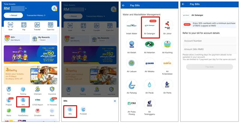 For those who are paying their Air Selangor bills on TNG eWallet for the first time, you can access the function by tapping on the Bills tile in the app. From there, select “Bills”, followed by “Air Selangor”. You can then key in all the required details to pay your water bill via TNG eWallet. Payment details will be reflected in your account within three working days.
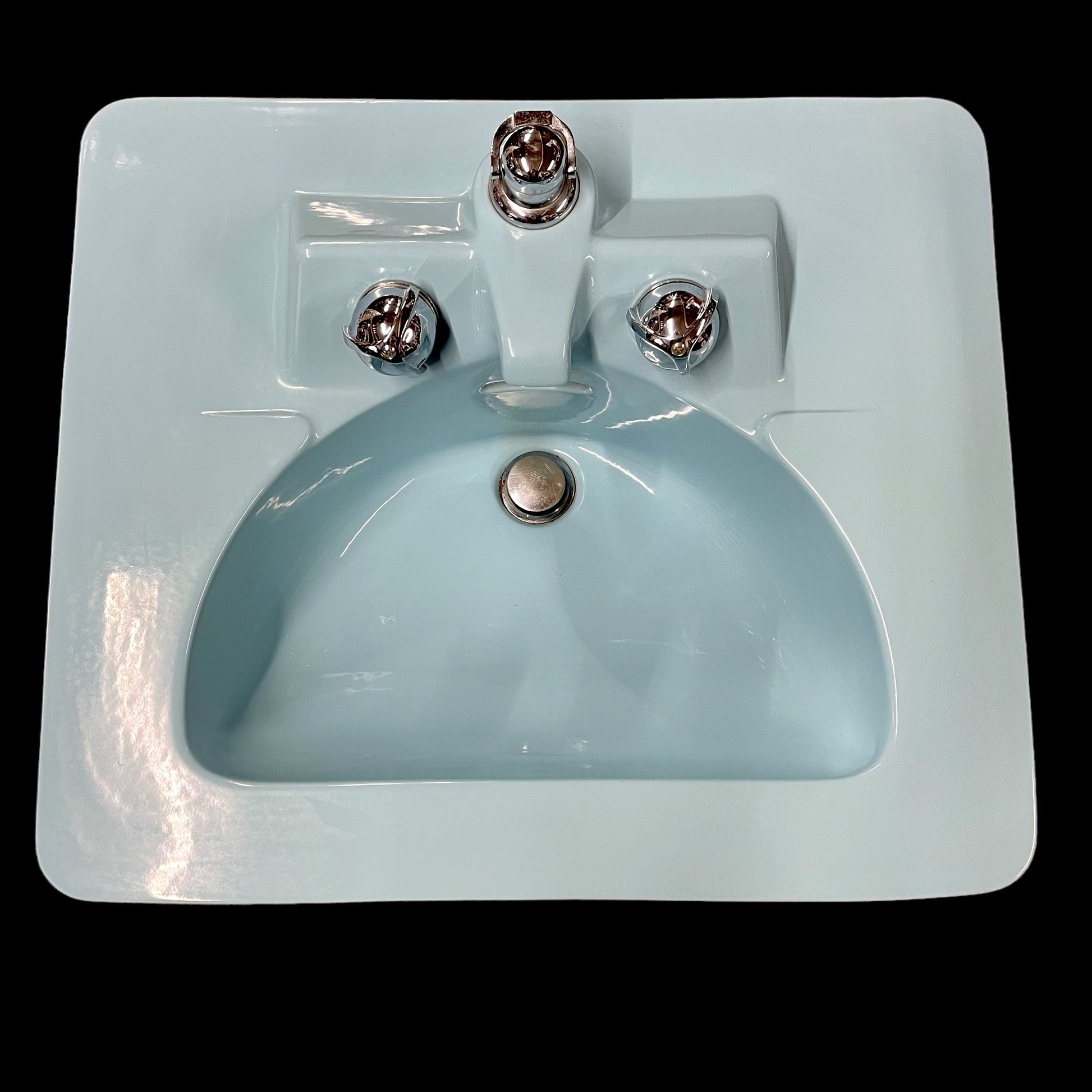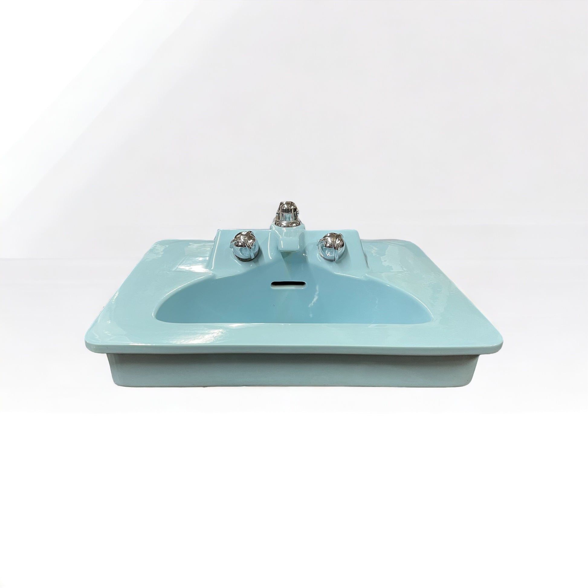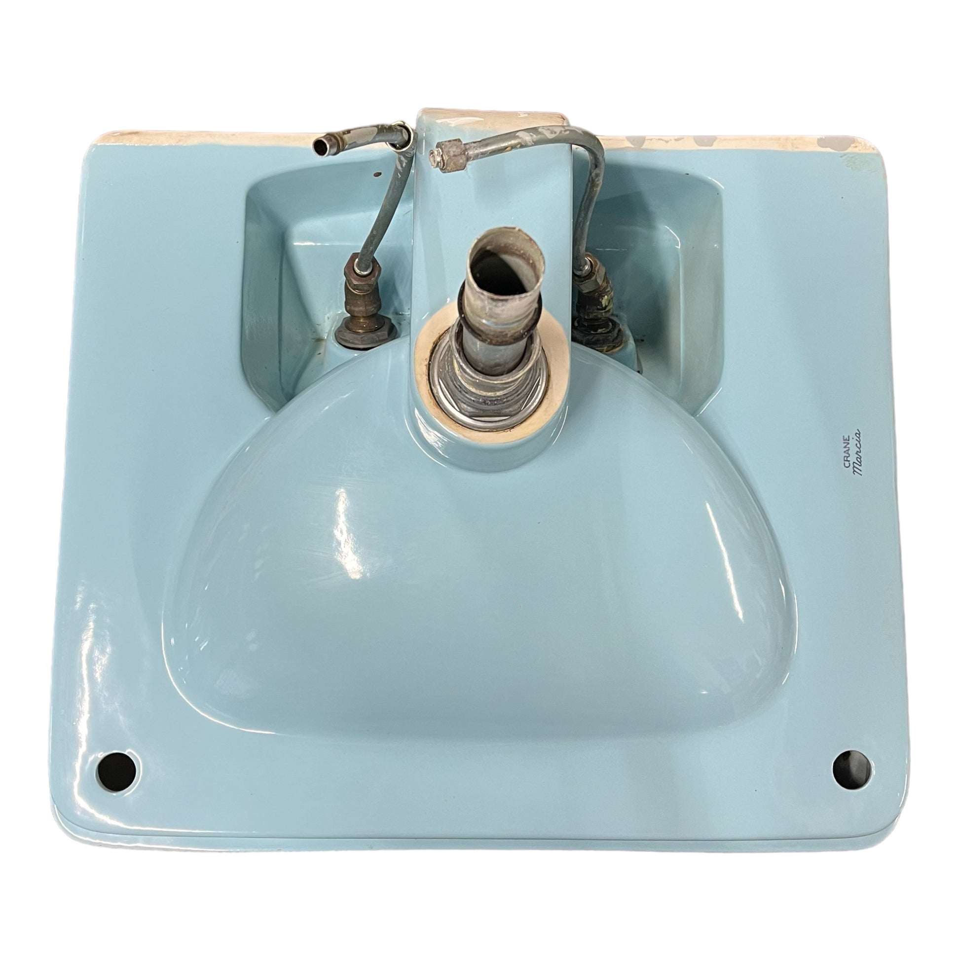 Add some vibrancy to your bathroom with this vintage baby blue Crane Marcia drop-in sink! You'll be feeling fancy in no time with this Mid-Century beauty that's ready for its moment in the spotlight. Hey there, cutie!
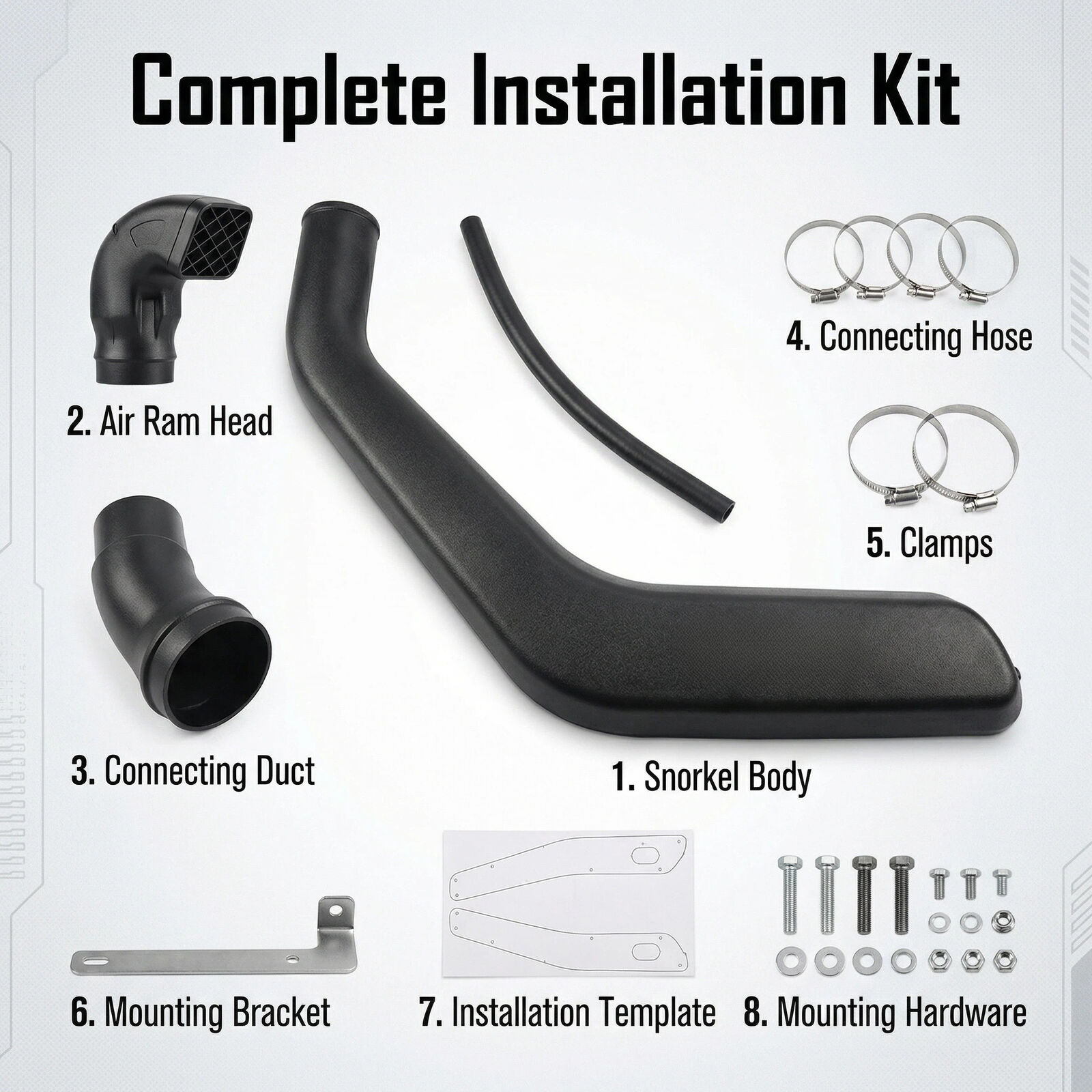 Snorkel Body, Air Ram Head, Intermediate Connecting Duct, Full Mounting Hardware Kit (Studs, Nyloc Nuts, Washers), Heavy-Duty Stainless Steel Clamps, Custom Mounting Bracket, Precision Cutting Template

* * * * *

:: What to produce ::
Write out the lines of the material above exactly, from its first line through the line that contains "Add some vibrancy", so that no picture appears in the copy.

:: Response for this exercise ::
 For those who are paying their Air Selangor bills on TNG eWallet for the first time, you can access the function by tapping on the Bills tile in the app. From there, select “Bills”, followed by “Air Selangor”. You can then key in all the required details to pay your water bill via TNG eWallet. Payment details will be reflected in your account within three working days.
 Add some vibrancy to your bathroom with this vintage baby blue Crane Marcia drop-in sink! You'll be feeling fancy in no time with this Mid-Century beauty that's ready for its moment in the spotlight. Hey there, cutie!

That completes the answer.